Hipsters and bald crotches are dead: What brands need to know in 2014

By Brendan Coyne | 29 January 2014
 

The beard is dead, along with hipsters, skanky Converse and faux backwoodsmen. Meanwhile the bush is back. Read our lips: lots more bush. Rejoice Schick and Gillette, the Future Laboratory has spoken.

While Procter & Gamble last week said the beard trend and mo' growing has hit sales of Gillette in the last six months, brand marketers can breathe easy. It's over.

Bad news for budding beard analysts, though, “the hipster thing may be about to pass … People are shaving their beards off”. In a direct reversal, that 20 year itch – the drive to pubic tonsure – may also be coming to a sticky end. Bush is back.

That’s the view of Martin Raymond, editor-in-chief of The Future Laboratory. It’s good news for razor blade manufacturers, and possibly for tattoo removal parlours. But it’s bad news for Veet – and leaves those catching up with the last few years scratching their chins.

Raymond has form. AdNews owes him $300 after foolishly betting against the resurgence of VB this time last year. In 2013 the brand grew about 5% and reclaimed top spot while the Australian beer market slumped to a 66 year low.

Raymond will collect next month after giving both the Sydney and Melbourne market some food for thought about Re-Con Man and Athena Women at the Future Laboratory Trend Briefings.

This year, he said, people will “grow out of hipster”, so lumen levels across adland offices may rise as previously all-eclipsing facial thickets kiss the blade. “The golden age of hipsters” has arrived, he proclaims.
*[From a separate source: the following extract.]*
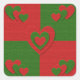 Sticker Carré Coeur en Noël Couleurs Rouge Vert Felting Look
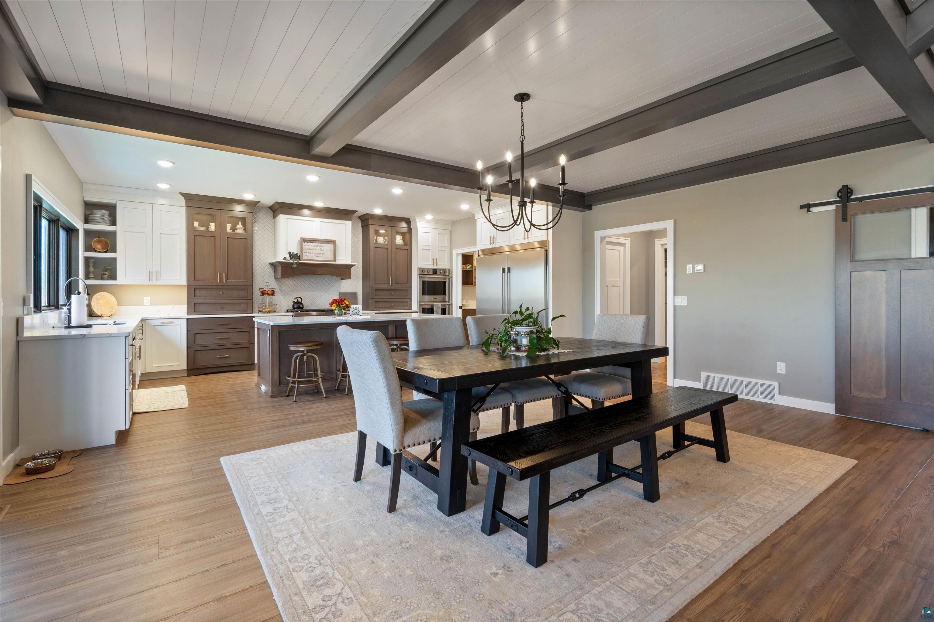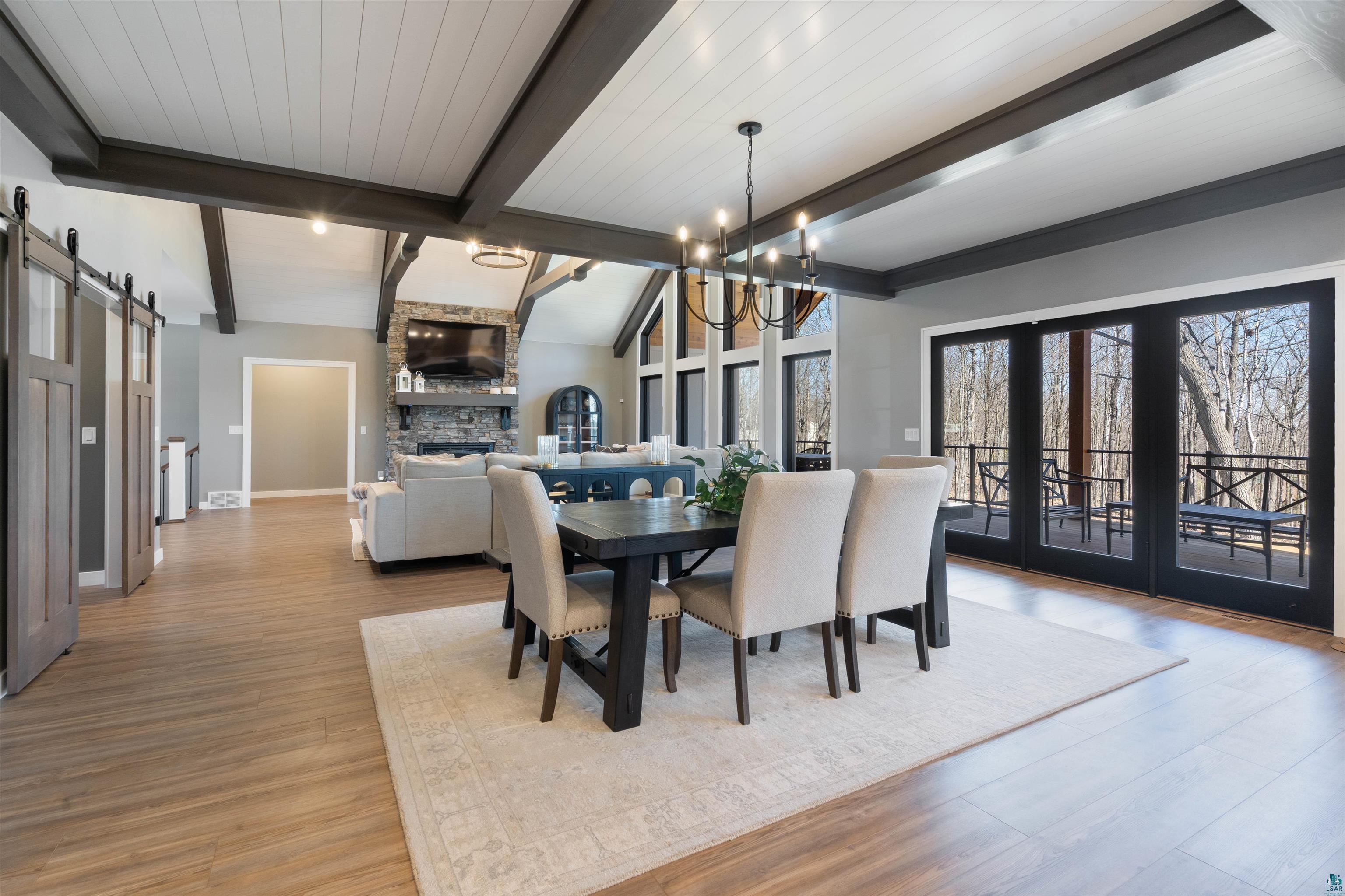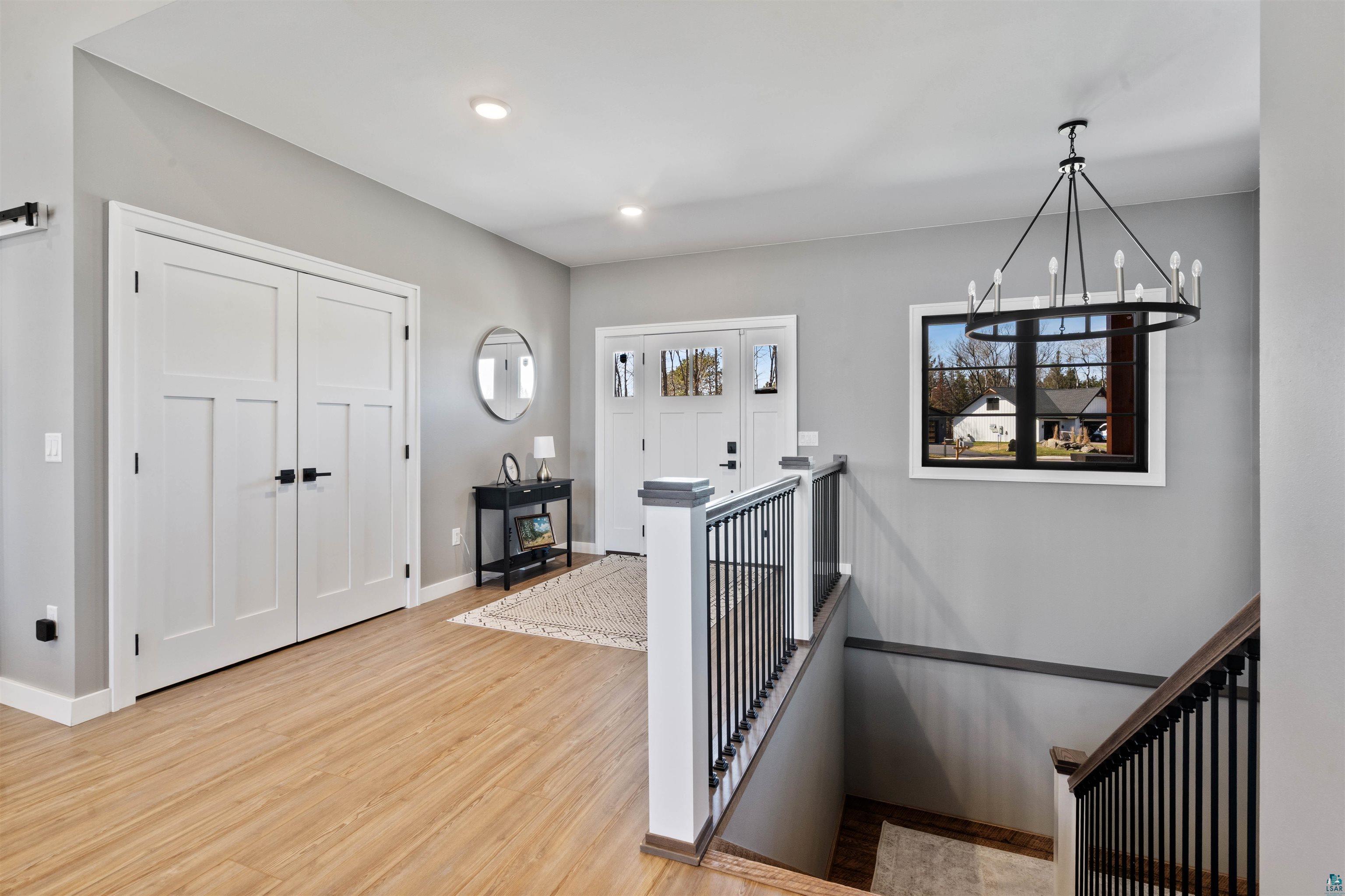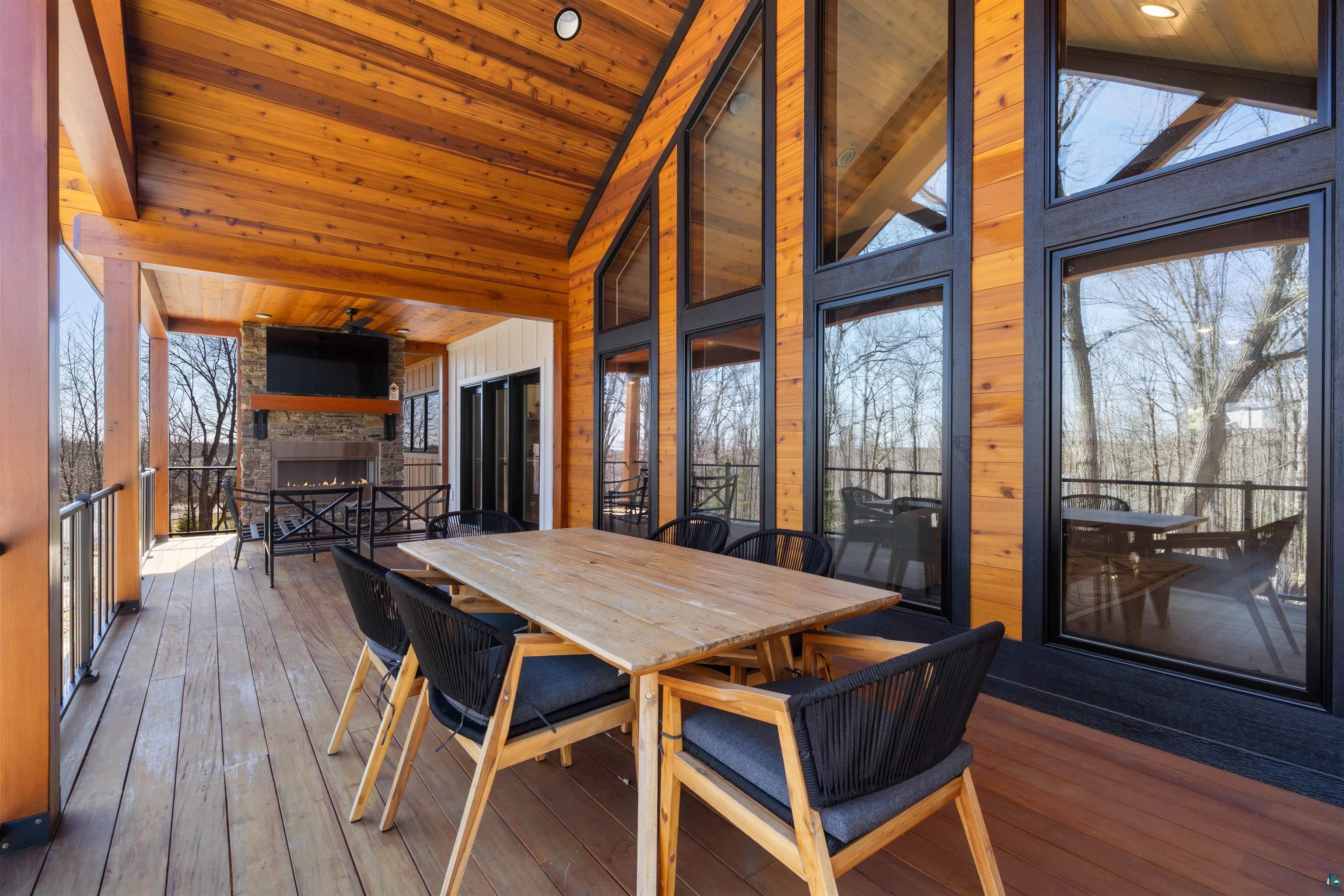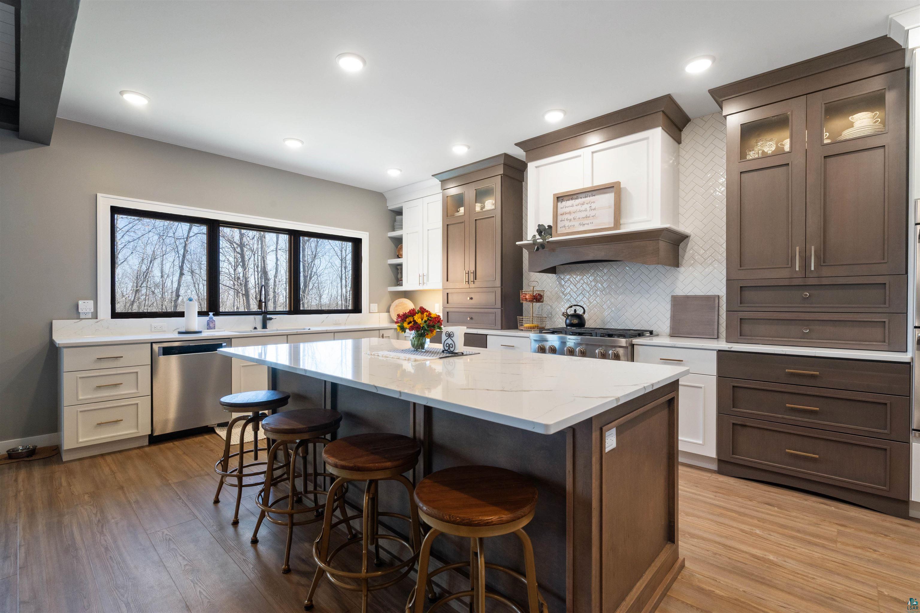 Experience the perfect blend of luxury, craftsmanship, and functionality in this stunning 4-bedroom, 4-bath home. From the moment you arrive, the impressive timber-framed entry and natural stone exterior create a warm yet sophisticated first impression, complemented by cedar soffits and durable LP Smart siding. Inside, the home is filled with natural light thanks to oversized Pella windows that showcase peaceful backyard views. The open-concept floor plan is thoughtfully designed for both everyday living and entertaining, anchored by a spacious custom kitchen featuring a large center island, abundant cabinetry, and an expansive walk-in pantry. The living room boasts a soaring vaulted ceiling, creating a bright and inviting atmosphere. A generously sized mudroom offers excellent storage and organization, while the massive 40 x 30 garage provides plenty of space for vehicles, equipment, and more. The walkout lower level is designed for comfort and versatility, complete with in-floor heating and tile flooring throughout. Entertain with ease at the custom-built bar, or take advantage of the additional flex room, perfect for a home office, fitness space, or extra storage. Convenience is key with two laundry rooms, including one located in the primary suites closet and another in the lower level. Step outside to a backyard built for enjoyment, featuring a versatile pad ready for a hockey rink, fire pit area, or additional outdoor living space. The covered deck is a true highlight, showcasing natural stone finishes, a cozy gas fireplace, and ample room for dining and relaxing year-round. Finished with a concrete driveway and packed with high-end details throughout, this home offers exceptional comfort, style, and space for modern living.

Apart from a shift in product development dollars and marketing strategy for personal grooming companies, what does that mean for adland? Raymond said it’s all about men and women moving beyond political correctness and fear of offending into a bullshit-free redefinition of traditional roles. That is, “not a battle of the sexes but [moving on from the old debate] towards a different kind of treaty being drawn up”.

That means products that do what they say on the tin. “Men are reclaiming masculinity and women are doing the same thing. In the US there are a whole bunch of products – including ‘One Wipe Charlies’, or basically arsewipes – that are all about straightforward stuff. We are also seeing a lot of ‘alpha snacks’, protein bars, with slightly tongue-in-cheek packaging doing well.”

Raymond calls half of that trend ‘manventurism’, and says the Three Musketeers meets Bear Grylls is not far off the mark. Ads he’s seeing in the US and the UK are about personal journeys and a “more poetic version of masculinity as opposed to the warrior”.

For women, Raymond reckons sweat will be as big as the return of the bush in 2014. He said it will be the year of “bush-lash, where women [and guys] will let it grow again”. He thinks the fact that The Wolf of Wall Street, this month’s longest, if not hottest film, has a scene dedicated to the theme is prescient, although he stresses that he’s talking about “a nature strip rather than the outback”.

That means beauty and grooming brands need to cut their cloth accordingly. “Beauty brands have been caught on the hop because people are hitting back. Feminism is now a good word. There’s a new confidence about it.”

Ultimately, what marketers need to grasp by the short and curlies this year is that there is a “redefinition of maleness and femaleness that is lacking the anger and angle [of yesteryear],” said Raymond. While it might “anger traditional, old-school feminists and be misread by the Abbotts of this world”, 2014 could be lucrative for brands that read the wind of change and harness it before the rest of the weathervanes turn.